For the second – stock/ticker – strategy, a dominance of the search-based portfolios is not so apparent. Even though the cumulative profit of the out-of-sample strategy is equal to 88% compared to 62% of the DJI index, the difference is not satisfying mainly due to an issue of transaction costs. The search-based strategies are based on weekly rebalancing of weights in the portfolio which can bring substantial (transaction) costs. An extra profit to cover such costs is needed to justify the more active strategy based on search queries. The difference of 26% over 4.5 years is not satisfying for that matter. Returning to the previous case based solely on ticker symbols, the difference of 125% over 8.5 years is much more promising and satisfying. The difference between ticker and ticker/stock strategies is also apparent by comparing their performance after year 2009. The ticker strategy clearly diverges from the values of the DJI index whereas the value of the stock/ticker portfolio remains very close to the index. Overall, the sole ticker symbols seem to bring more reliable information about interest in trading of a specific stock. Most probably, the investors are looking simply for the ticker symbol rather than combining it with the word “stock” making the information content in the more complicated query less useful.

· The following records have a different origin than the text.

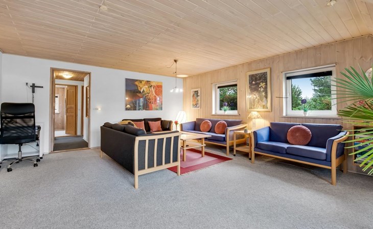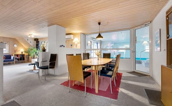 Eengezinswoning, bouwjaar 1991. 1.1 km van zee. Voor alleengebruik: wild terrein 2.100 m2, overdekt zwembad (7 x 3 m, 2.5.2 m2, 130 - 130 cm diepte). Terras (45 m2), kinderspeelplaats (schommel). In het huis: sauna, solarium, wasmachine, droger. Parkeerplaats bij het huis. Levensmiddelenwinkel 900 m. De eigenaar accepteert geen jeugdgroepen.
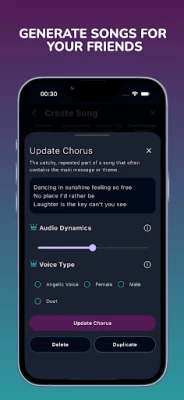 I am extremely disappointed in this app for my purpose. I want to generate music without lyrics. The app sometimes does this just as I want but half of my music is ruined with unwanted lyrics. I am offered a choice of male/female/auto voice but not NO VOICE and I just want to get music without lyrics. I have already tried 3 different ways to ask for help to stop wasting my purchased credits by turning off lyrics but the app developer has not responded. Maybe they will respond to this bad review?
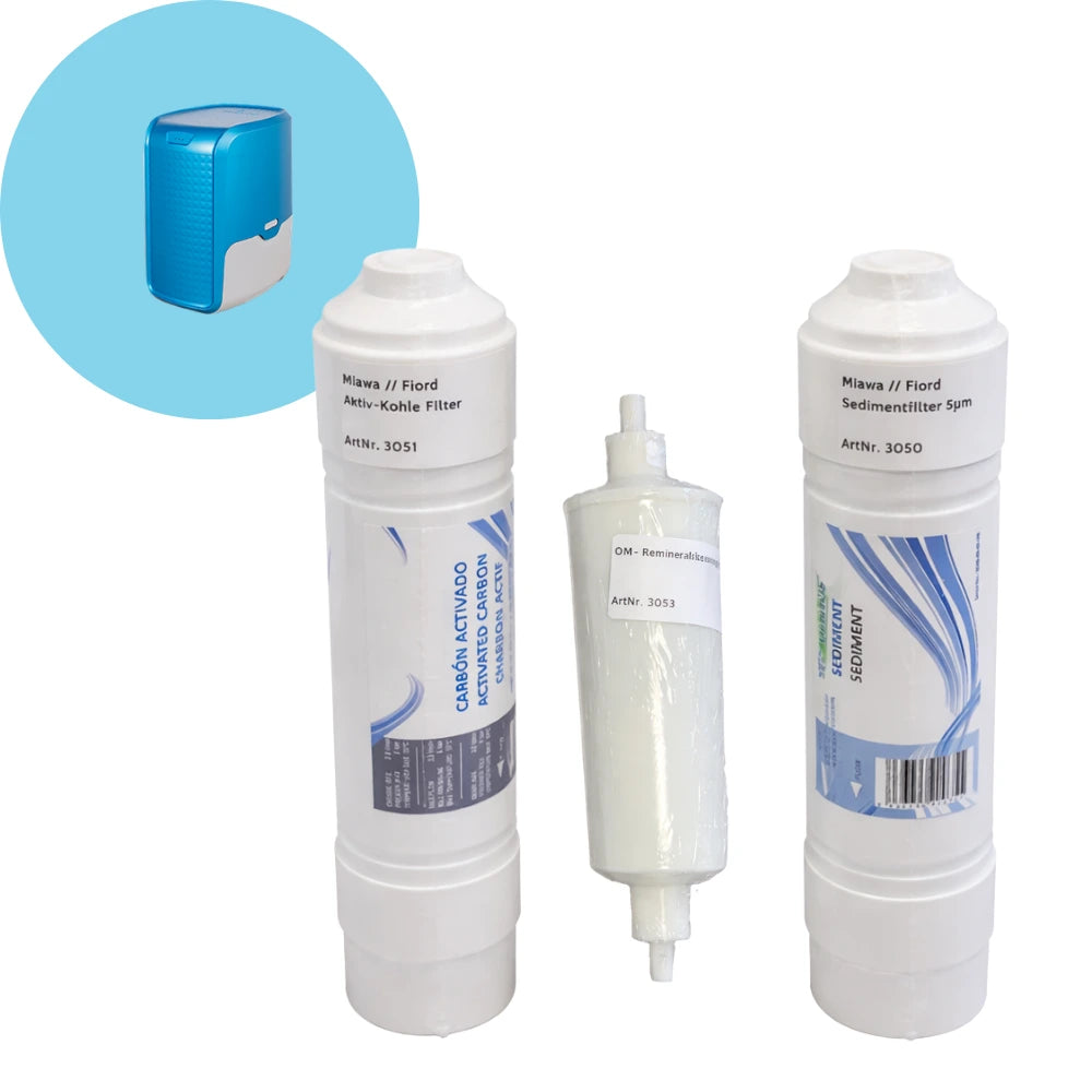 Das Ersatzfilterpaket für die Miawa Wasserfilteranlage sorgt für dauerhaft hohe Wasserqualität und eine zuverlässige Filtration im Alltag. Das Set besteht aus Sedimentfilter, Aktivkohlefilter und Remineralisierung und filtert effektiv Schwebstoffe, Schadstoffe sowie unerwünschte Rückstände aus dem Wasser – für ausgewogenes, frisches Trinkwasser aus deinem Miawa Wasserfilter.
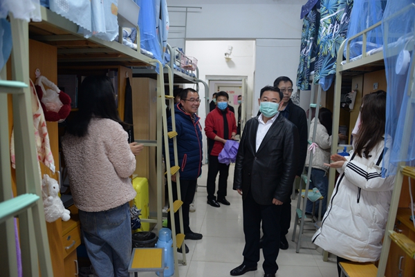 来到北苑学生公寓,谢建林关切询问学生上课网速、教学效果以及师生互动等多方面信息,进一步了解线上教学情况,并关心提醒学生注意疫情防控、用电安全、宿舍卫生等问题。
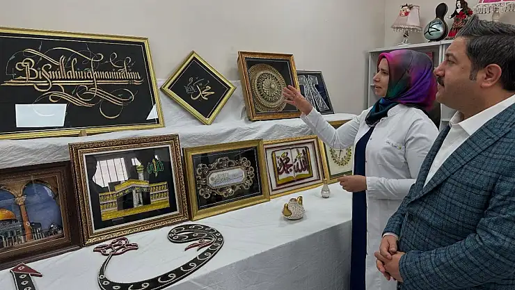 Sergiyi gezen Sincik kaymakamı Yunus emre Bozkurtoğlu, usta öğretici ve kursiyerlerle sohbet edip, sergilenen ürünler hakkında bilgi aldı.
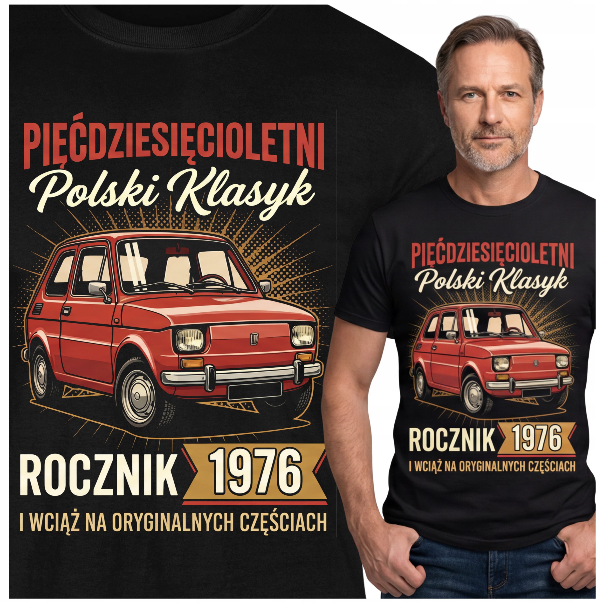 PREZENT na 50 URODZINY dla Mężczyzny Koszulka ROCZNIK 1976 FIAT MALUCH PRL
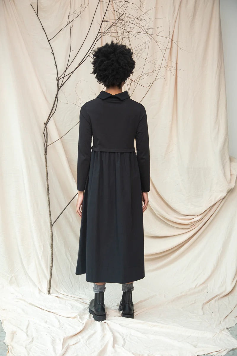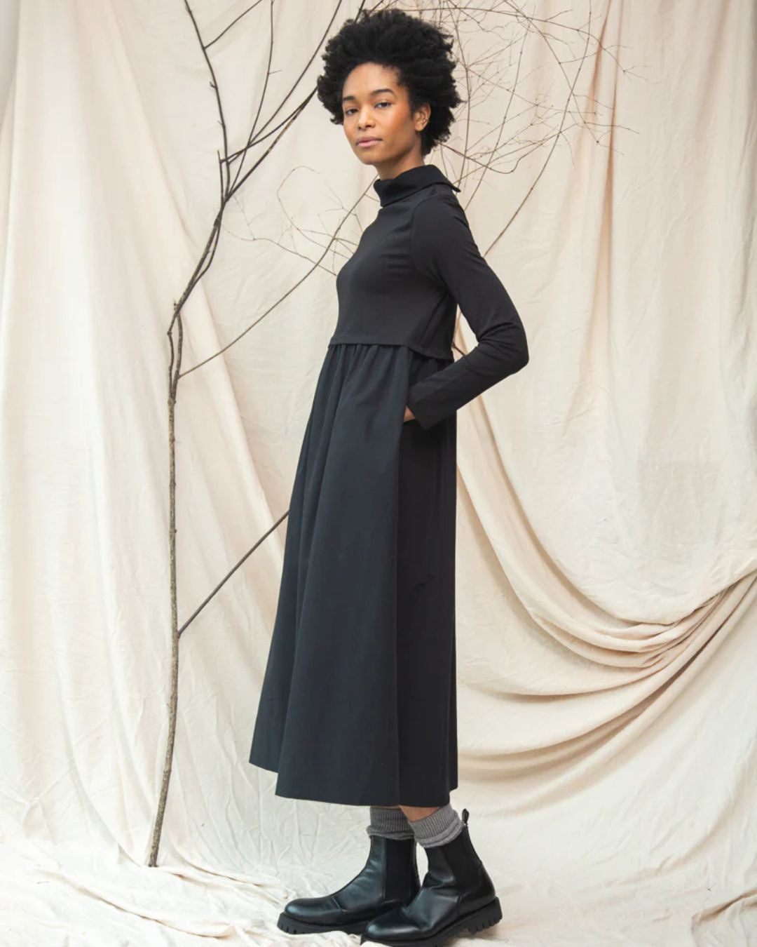 The Birch by Beaumont Organic is crafted in organic cotton with a jersey top and poplin skirt, featuring a roll neck and reverse split feature. The top is slightly fitted with full length sleeves. An empire line gathered waist and full skirt create a beautiful silhouette.
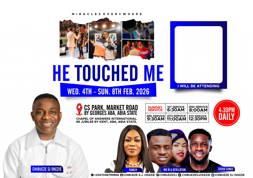 He touched me is a global annual healing and deliverance meeting. Held in the city of Aba, Abia State, Nigeria. Divers testimonies, healings and deliverances has sprung up from this HolyGhost meeting over the years, and it has been from glory to glory. He Touched Me is packaged by God to bring the miraculous to everyone in attendance including online worshippers through God's vessel Chibueze S.J. Okezie. Get set for a touch!
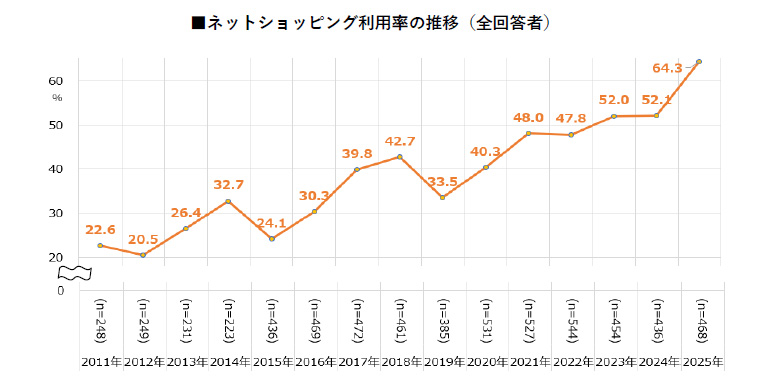 ネットショッピングの利用率は急増、2025年は64.3%が利用経験あり
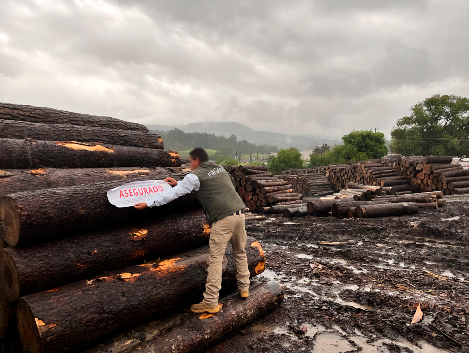 En el primer centro, personal de la Profepa aseguró precautoriamente un volumen de 812.5 m3 de madera de pino en rollo, 325.61 m3 de madera de oyamel en rollo y 128.39 m3 de madera de cedro blanco en rollo. Sumando un total de 1,266.51 m³ de madera en rollo.
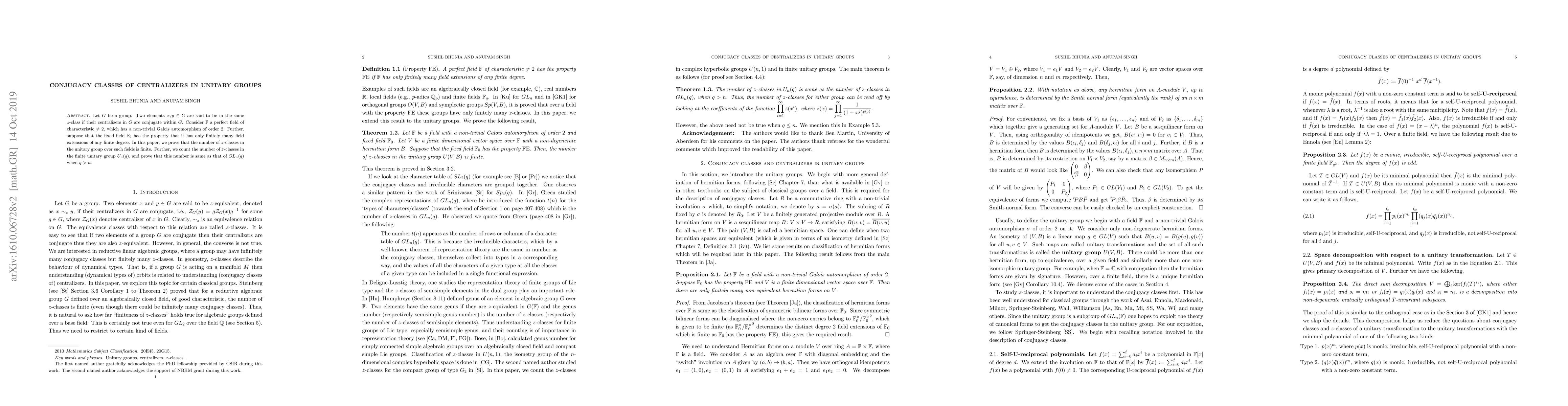 This paper proves that the number of $z$-classes in the unitary group over a perfect field with a non-trivial Galois automorphism of order $2$ is finite. It also counts the $z$-classes in the finite unitary group $U_n(q)$ and shows they match those in $GL_n(q)$ when $q>n$.

We have thus shown that the search queries on Google Trends can be successfully utilized for portfolio diversification, which contributes to the contemporary literature mainly dealing with the profit opportunities associated with the search engines and financial markets24,31,32.

Methods

Data

We utilize search query series from Google Trends website which have several crucial characteristics. Firstly, the series are reported with a weekly (Sunday-Saturday) frequency. For the stock price and returns series, we thus reconstruct the weekly returns to match this pattern. The query series are updated daily for the running week so that there is no lagging issue for the portfolio construction. Connected with the fact that stock markets are closed over weekends, if an investor wants to rebalance his or her portfolio for the next week, he or she has the needed information on Sunday so that the portfolio can be rebalanced efficiently. Secondly, the search volumes are normalized so that each series has a maximum of 100 and the rest of the series is rescaled. However, if more searched terms are looked up on the website, all the series are normalized according to the maximum of all series. Unfortunately, it is only possible to search up to 5 items. For the DJI index with possibly 30 components, we opted for rescaling according to the searched volumes of various groups of five. This way, we are prone to make rounding errors but we assume that these errors are random. Moreover, the Google Trends are already rounded themselves so that the issue of rounding cannot be avoided in any way for these series.

As for the DJI index, the components have changed during the analyzed period slightly. Specifically, five companies have been switched since 2005 (see http://www.djiindexes.com for the detailed history). For our analysis, we utilize the structure of the DJI index as of 24.6.2013. As we are not primarily interested in the performance of our portfolio compared to DJI but rather in the potential of search queries in risk diversification, we do not adjust the utilized dataset. Comparison to the DJI index is added just for illustration.